Estonian-American acoustical engineer

Leon H. Sibul (August 30, 1932 – February 19, 2007) was with Pennsylvania State University’s Applied Research Laboratory from 1964 to 2002, where he retired as a senior scientist and professor of acoustics.

Leon Sibul was born in Võru, Estonia. In 1944 he fled his native country during the Russian occupation of Estonia, which lasted more than 50 years. He escaped to a refugee camp in Augsburg, Germany where he attended high school. In 1949, he emigrated to the U.S. and lived in the Washington, D.C., area. A veteran of the U.S. Air Force, he served from 1953 to 1957 as an electronic and radio technician.

After his military service, he attended George Washington University and graduated in 1960 with a Bachelor of Electrical engineering degree. From 1960 to 1964 he was employed at Bell Labs, working on an electronic switching system, as well as on Telstar, the communication satellite credited with ushering in the era of satellite communications.

He earned a Master in Electrical Engineering degree from New York University in 1963. In 1964 he started working for Pennsylvania State University’s Applied Research Laboratory, receiving his Ph.D. from Penn State in 1968. While at ARL he conducted fundamental and applied signal processing research and development for undersea weapons guidance and control, sonar systems and other Navy applications.
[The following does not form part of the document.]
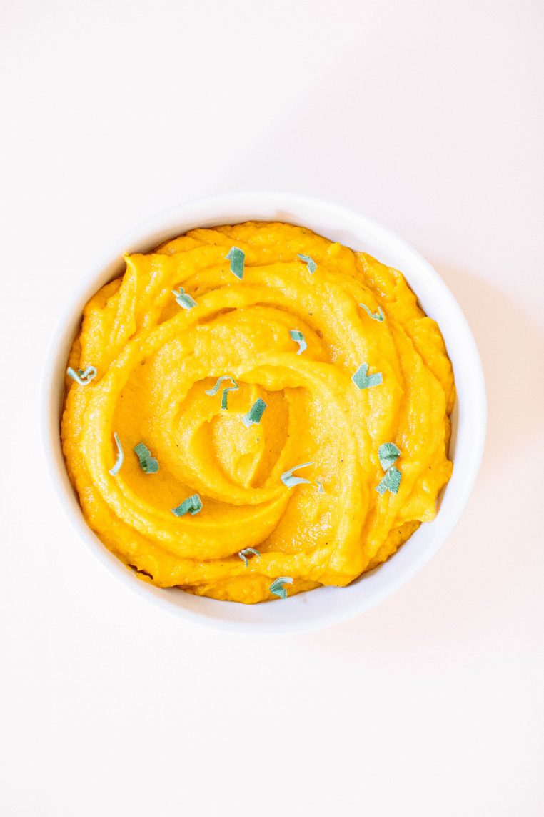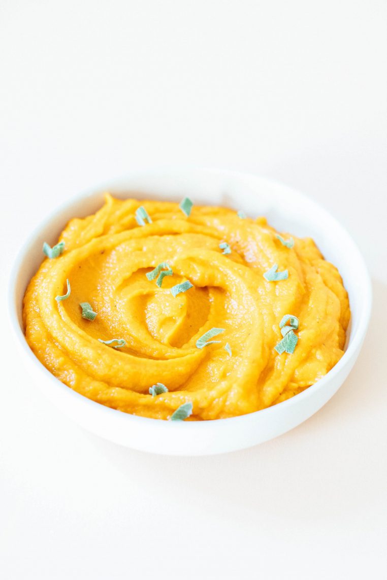 By Roasting the sweet potatoes in the oven, you get smooth and tender potatoes and a caramelized flavor profile you can’t get from boiling. Adding fresh thyme to this dish gives a savory festive fresh taste. Using gluten-free miso adds a rich earthy flavor pairs perfectly with the sweetness of the potatoes.

He was a pioneer in applying signal processing to underwater systems’ guidance and control.

His publications included the textbook "Adaptive Signal Processing," author and co-author of 40 papers in refereed journals, six chapters in edited books, close to 100 conference presentations in his field and two U.S. patents. He was a life member of the Institute of Electrical and Electronics Engineers (IEEE), Society for Industrial and Applied Mathematics, Senior Member of Sigma Xi and a Fellow of the Acoustical Society of America.

In 1973, Sibul was elected commodore of the Nittany Valley Sailing Club. In 2003, the Penn State Sailing Club renamed their training grounds "The Sibul Sailing Center", after the long-time faculty adviser. (Sibul had been with the club since 1974.)